Former president Donald Trump’s comments during the presidential debate that Kamala Harris supports “transgender operations on illegal aliens that are in prison” have been memed into oblivion. But ACLU attorney Chase Strangio wants us to remember that Trump’s stumbling, erratic ramblings reveal the true depth and breadth of right-wing efforts to deny trans people everywhere our basic civil liberties.

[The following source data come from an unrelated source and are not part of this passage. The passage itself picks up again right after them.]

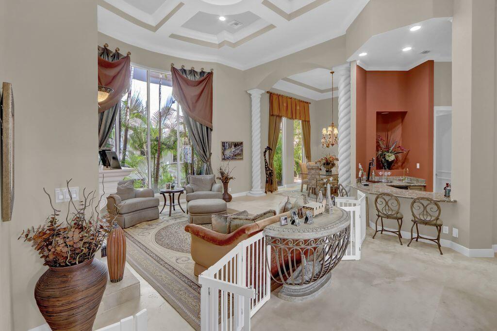GOLF MEMBERSHIP AVAILABLE & CAN CLOSE BY OCT 31! Don't miss this opportunity for a GOLF MEMBERSHIP DAY 1 before the increase in initiation & transferability. This charming one-story courtyard of 3 bedrooms + office, 31/2 baths & 3-car garage is elegant & tastefully appointed featuring volume ceilings with crown moldings; Saturnia marble floors & neutral carpet; an inviting Living Room with an electric fireplace & wet bar; Family Room entertainment center; built-in office in Bedroom 4; solid core molded doors; custom window drapes & shades.The kitchen features maple cabinetry, granite counters,tumbled marble backsplash,butler's pantry and charming breakfast nook. Roof-2022; water heater-2023; pool resurfaced & tiles-2023; circular driveway;epoxy garage floor; accordion hurricane shutters.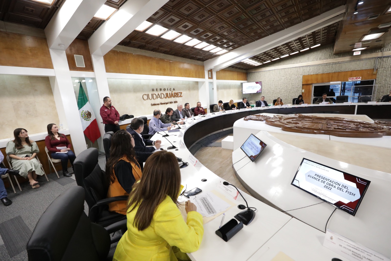 También se llevó a cabo la presentación de avances de obra relativos al Fondo de Infraestructura Social Municipal (FISM) 2022, con el cual se ejercieron 284 millones de pesos para la edificación de 62 domos escolares, la electrificación de una colonia y la intervención de nueve calles, entre las que destacan la repavimentación de la Hermanos Escobar, Ramón Rayón, José Méndez y Héroes del Carrizal.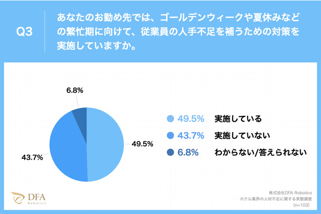 「繁忙期に向けて、従業員の人材不足を補うための対策を行っているか?」と質問したところ、49.5%が「実施している」、43.7%が「実施していない」と回答しました。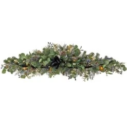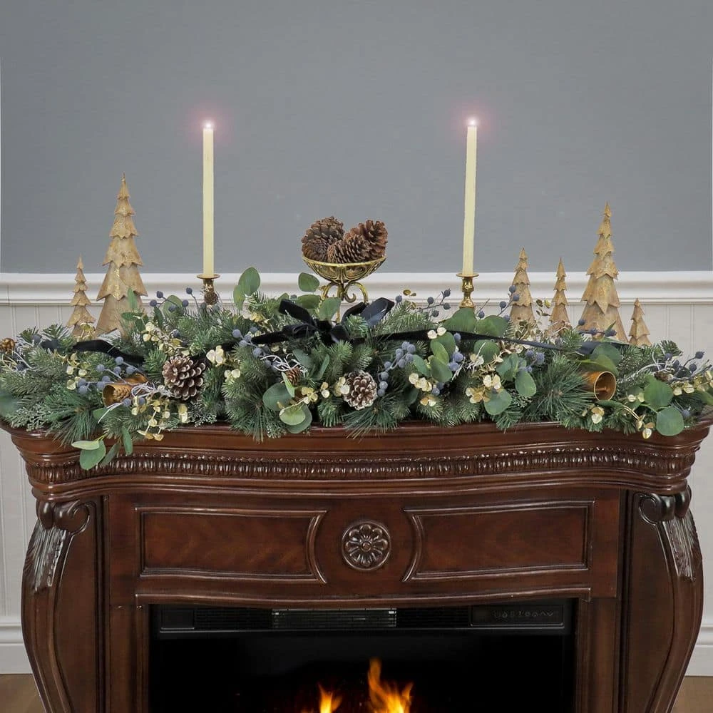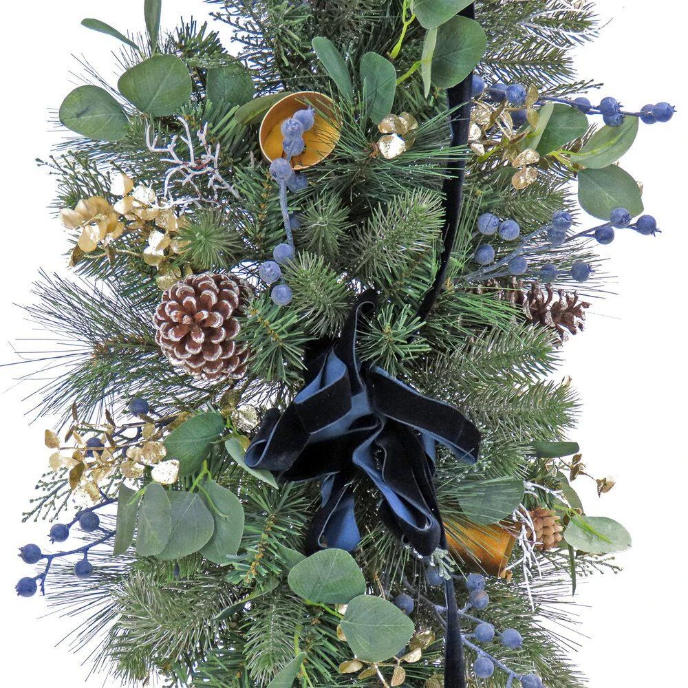 This Swiss Chic decorated mantle swag features a mixture of evergreen and bristle branch tips. They are tightly grouped together to form this holiday decor piece. It is trimmed with pinecones, leafy greens, white twigs, clusters of blue berries and gold metal bells.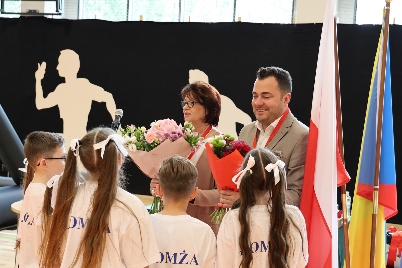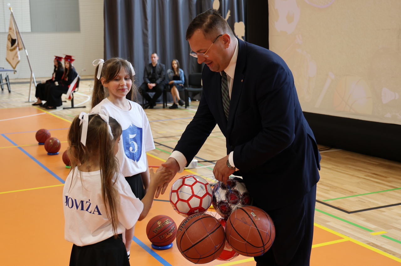 – Rozpoczynając inwestycję nie mieliśmy zapewnionego wsparcia zewnętrznego. Pomimo krytyki części radnych uważałem, że należy podjąć ryzyko i w trakcie realizacji zadania poszukiwać możliwości zewnętrznego dofinansowania. Dziś możemy powiedzieć, że to się opłaciło, gdyż z własnego budżetu dołożyliśmy tylko 19 proc. wartości przedsięwzięcia, a dzieci oraz młodzież z „Piątki” i całego miasta mogą cieszyć się z nowoczesnego obiektu sportowego – podkreślił prezydent Łomży Mariusz Chrzanowski, który przekazał samorządowi uczniowskiemu worek z piłkami do halówki, koszykówki i siatkówki, a dyrekcji pamiątkowy obraz.

Trump’s comments appear to be based on a 2019 ACLU survey of presidential candidates, resurfaced by CNN the day before the debate and widely reported by the media. The survey asked whether candidates would use their executive authority as president to ensure that trans people who rely on the state for medical treatment, including incarcerated and detained trans people, have access to gender-affirming care, to which Harris answered that she would. The vast majority of the reporting on this survey failed to note one important detail: Incarcerated people are already constitutionally entitled to medical care, including transgender people.
But Trump’s comments at the September 10 debate, which also sought to whip up anti-immigrant sentiment, gave off the impression that gender-affirming care is universally and easily accessible, so much so that it’s being given out willy-nilly, including to people in prison and detention. But we know the opposite is true: Even in states without bans and restrictions on gender-affirming care, trans people face long wait times and other obstacles, while Republicans remain singularly focused on reducing access, successfully banning it for youth in 26 states.
This is particularly true for incarcerated and detained people: accessing gender-affirming care, or even housing that aligns with one’s gender identity, remains a significant challenge for trans and gender nonconforming people in prison and jail. Those barriers to access often come on top of harassment and violence. A recent report that examined the treatment of LGBTQ+ and HIV-positive people in federal immigration jails found that detained trans people not only face the verbal, physical, and sexual abuse that echoes what incarcerated trans people experience, but their hormone therapy is often delayed or outright denied. As the report notes, this denial is especially harmful for people who had already been taking hormones before being detained.
That’s why Chase Strangio, co-director for the ACLU's LGBTQ & HIV Project, argues that supporting the provision of gender-affirming care for detained immigrants is not a “wild” notion, as one New York Times article labeled it after the debate; rather, it’s a constitutional right that we should expect our elected officials to enforce.
Strangio spoke with Them over email about how this latest spate of fear mongering in particular bucks up against decades of legal precedent that supports basic medical care for transgender people in the government’s custody.
What should people know about the current landscape when it comes to gender-affirming care for trans people who are incarcerated or held in immigration detention? Basically, what care are they able to obtain?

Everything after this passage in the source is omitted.